The NHS is committed to providing digital tools for patients, and the NHS App can make everyday healthcare simpler, from ordering repeat prescriptions and booking appointments to viewing your record and receiving messages from your GP surgery. But not everyone finds it easy to use digital health tools.
Coventry and Warwickshire is home to around 1.2 million people and includes a mix of towns and rural areas. It is also a very diverse area, with many different languages, cultures and levels of digital confidence. This means a one-size-fits-all approach does not work when it comes to digital health. Use of the NHS App varied widely between GP practices and among different communities.
The challenge
Coventry and Warwickshire Integrated Primary Care’s Digital Champions team is commissioned by Coventry & Warwickshire Integrated Care Board (ICB) to improve digital access and help patients and practices feel confident using the NHS App.
There is a national aim for every GP practice to reach 65% NHS App uptake amongst patients. When our team started this initiative, uptake across Coventry and Warwickshire varied greatly, with some GP practices seeing only 40-50% of patients using the app.
Key challenges we needed to address included:
- Language barriers, with the app only available in English, excluding pockets of the population across Coventry and Warwickshire
- Accessibility issues for people with learning disabilities, visual impairment, or low digital confidence
- Reaching people who work, study or cannot attend drop-in sessions during the day
- Busy GP practices, with limited time or familiarity with the app to offer one-to-one digital help to patients
- Patients unaware of how digital tools could support them in managing their health needs
Our approach
The Champions focused on the biggest barriers stopping people from using the NHS App and put practical solutions in place. This included:
- Developing step-by-step NHS App guides in key community languages including Punjabi, Urdu, Polish and Nepali.

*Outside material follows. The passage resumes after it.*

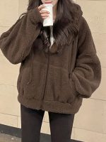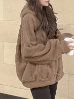 Home Women's Sweatshirts YY0718154 Solid Color Drop Shoulder Zip Teddy Hoodie, Women’s Late Autumn Casual Drawstring, Pocket, Zip Long Sleeve Hooded Oversized Regular Drop Shoulder Zip Women’s Hoodie, Long Sleeve Top

- Creating simple visual guides with screenshots and clear explanations, which GP practices could display on waiting room screens.
- Working with learning disability experts to make materials clearer and easier to follow.
- Creating information that met accessibility standards for font size, colour contrast and readability to support patients with visual impairments.
We then created a shared online hub where GP practices could easily access these patient-friendly guides, training materials and digital support tools.
Recognising that not everyone can attend weekday drop-in sessions at their local GP practice, the team actively arranged or worked alongside existing events which many people were already attending, including:
- Visiting factories and large employers within the area
- Co-ordinating with Men’s health events
- Community centres, warm hubs and village halls
- Vaccination clinics and local events
- Asylum accommodation setting, in conjunction with the named GP practice
- Universities and other education settings
At these events, the Digital Champions showed people how to set up and navigate the NHS App and website, explained how to order prescriptions, book appointments, and manage health on behalf of others (proxy access) at any time of day. They adapted materials on the spot when unexpected language needs were identified and helped people find other digital options if the NHS App was not available on their app store.
To reach more people and empower staff, the Champions trained other health and care staff including GP reception and practice teams, pharmacists and pharmacy technicians, Patient Participation Groups (PPGs), social prescribers, health and wellbeing coaches and wider Primary Care Network staff. The ‘train the trainer’ approach helped staff feel more confident supporting patients with digital tools and ensured patients received clear and consistent advice across services.
The outcome
Thanks to this work, NHS App use across Coventry and Warwickshire has increased from around 57% to 67%, with some GP practices achieving uptake levels above 80%.
Patients have reported feeling more confident using digital tools independently. They are more comfortable using the features in the app to support their health and access the right care at a time that suits them. This can reduce the need for routine phone calls to GP practices and pharmacies to request repeat prescriptions or check test results, for example.
Communities that had previously been missed by digital services, including people facing language, accessibility or work-related barriers, received tailored support and what the team learned from one community was quickly shared and reused in others.
Moving forward the Champions are continuing to train more health and care staff, work closely with GP practices, Primary Care Networks and aim to focus on areas where NHS App use is still lower. As new features are released, the team will also provide tools and services to continue education and access.
This work will help ensure even more people across Coventry and Warwickshire can benefit from digital healthcare in a way that works for them.